Intertextual comparison in the Lord of the Rings
Tolkien once said in his Letters (in one of the better quotes I've ever read) of intertextual comparison like this that it is
not very useful.
In particular, Tolkien for the most part based his story on, e.g., Beowulf, or Norse mythology, not more modern literature. To quote his Letters (for what it's worth, if you are at all interested in Tolkien scholarship, please promptly get a copy of the letters and Humphrey Carpenter's biography)
As for the rest of the tale it is [...] derived from (previously digested) epic, mythology, and fairy-story – not, however, Victorian in authorship, as a rule to which George Macdonald is the chief exception.
Having spent way too much time reading Tolkien, I can to some extent attest to this. The similarities that have been called to my mind reading his work has always been of things like King Arthur or the dwarves of Nordic myth or what have you. I can say with all honesty that even having read Macbeth I only compared Dunsinane wood to the Ents because I'd read his letters - not because they struck me as particularly similar. Prospero in the Tempest is to me a very different wizard from Gandalf.
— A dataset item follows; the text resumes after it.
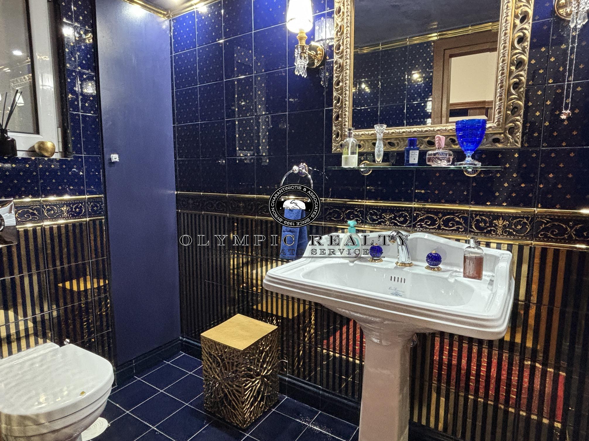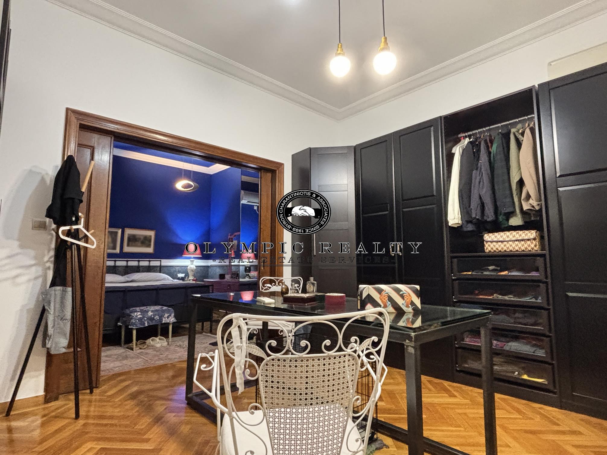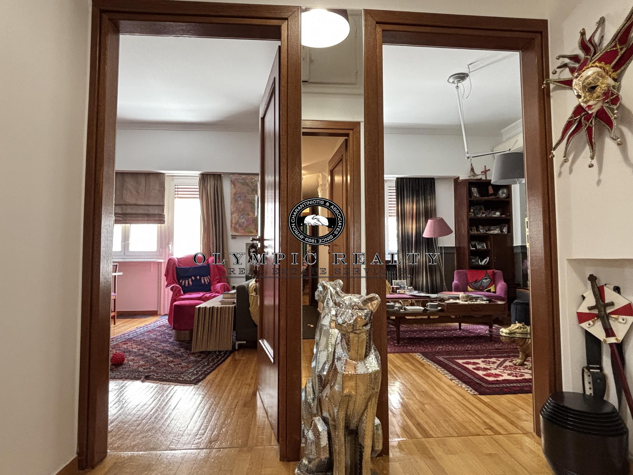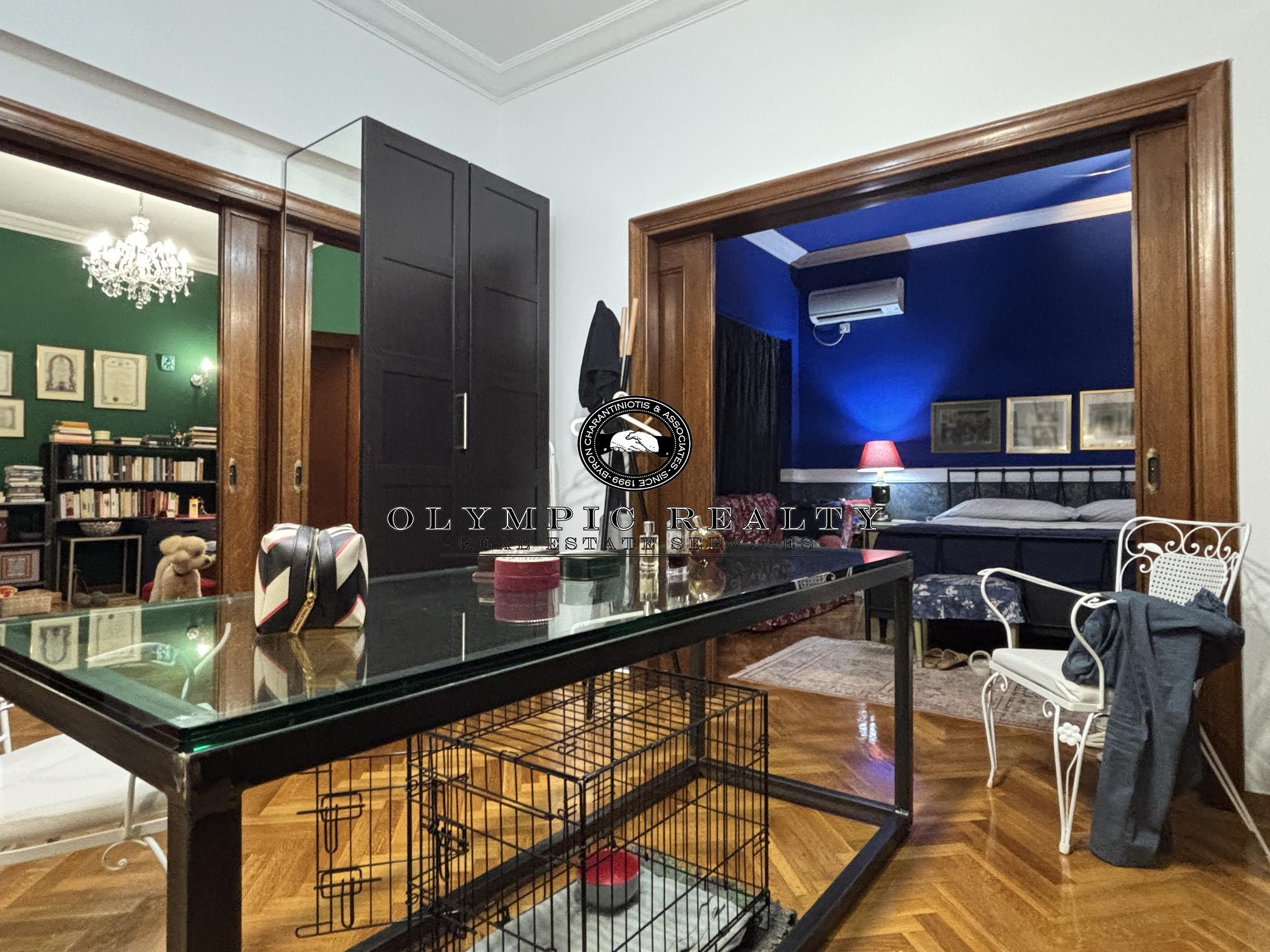 Σε πολύ καλή θέση, σε απόσταση αναπνοής από την πλατεία Κολωνακίου, σπάνιο οροφοδιαμέρισμα επιφάνειας 140 τ.μέτρων, 2ου ορόφου, σε φροντισμένη πολυκατοικία του 1955 με ωραία είσοδο. Αποτελείται από 5 κύριους χώρους (με δυνατότητα αναδιαρρύθμισης), εργονομική κουζίνα, 1 λουτρό και 1 wc το οποίο είναι επενδεδυμένο με αυθεντικά κεραμικά του οίκου Versace, 1 αποθήκη εντός διαμερίσματος και 1 αποθήκη στο υπόγειο της πολυκατοικίας στην οποία η πρόσβαση γίνεται και με τον ανελκυστήρα. Το διαμέρισμα έχει ανακαινιστεί εκ βάθρων και διαθέτει μεταξύ άλλων, αυτόνομη θέρμανση φυσικού αερίου, κουφώματα αλουμινίου με διπλά τζάμια, πόρτα ασφαλείας, σύστημα συναγερμού, ανακαινισμένο λουτρό, ανακαινισμένο wc, επιμελή συντήρηση στα αυθεντικά δρύινα πατώματα και τα εσωτερικά κουφώματα – πόρτες κλπ., ενώ διαθέτει κλιματισμό σε όλους τους χώρους. Κωδικός ακινήτου: 3183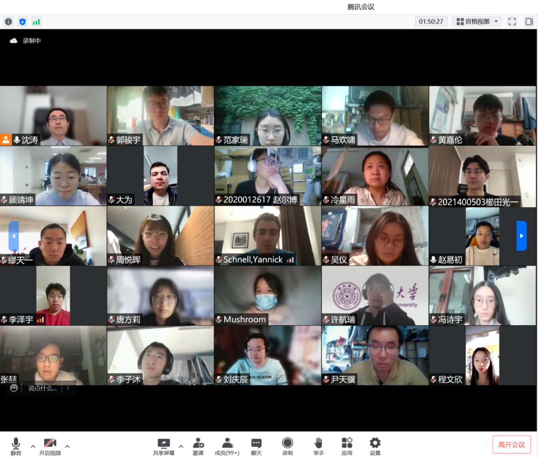 沈涛首先关注到了互动交流方式的设计。他表示,“不同类别的学生在课堂上的交流方式和互动模式存在明显的差别,留学生整体上更加活跃。”在融合式课堂上,线上和线下的进度往往存在时延。“为了在不影响课程整体进程的情况下,照顾到线上学生多样化的沟通需求,我一般会让线上的同学将问题发送到聊天室当中,我从中挑选有代表性的问题在课上进行讨论,而其他个性化的问题则在课后再具体沟通答疑,这样既不会占用大量的课上时间,也能及时交流反馈。”

Perhaps this is much a personal impression as anything but I feel one does the Lord of the Rings a disservice (or really, almost any literature but that by those like T.S. Eliot, who invite this sort of thing) by trying to see if such and such passage came from such and such other passage - sometimes, an author is just telling a story. (Then again, I shouldn't throw stones in a glass house, as I'm writing a paper comparing Durin and King Arthur.)
Conclusion
While I've presented in this answer as much evidence as I could dig up in your favor, it really doesn't seem very convincing. Yeah, the Ring is good on the outside but bad in reality, and so is man in Shakespeare's (and probably Tolkien's, seeing as he was Catholic) view, but even if the Ring is a commentary on man, that's really not a very clear pointer towards Shakespeare. Tolkien wasn't even a very big fan of Shakespeare, at minimum, and he probably even harbored an active dislike of Shakespeare. Intertextual comparison in the Lord of the Rings - especially with more "modern" (after Chaucer) works, instead of the myths from which Tolkien primarily drew upon - is an attitude Tolkien didn't really like, and not one that is very fruitful.
And then, of course, the phrasing is something that I've seen elsewhere in books and is small enough that it's very easily the sort of thing that could be unconsciously inserted, without any actual thought going to it.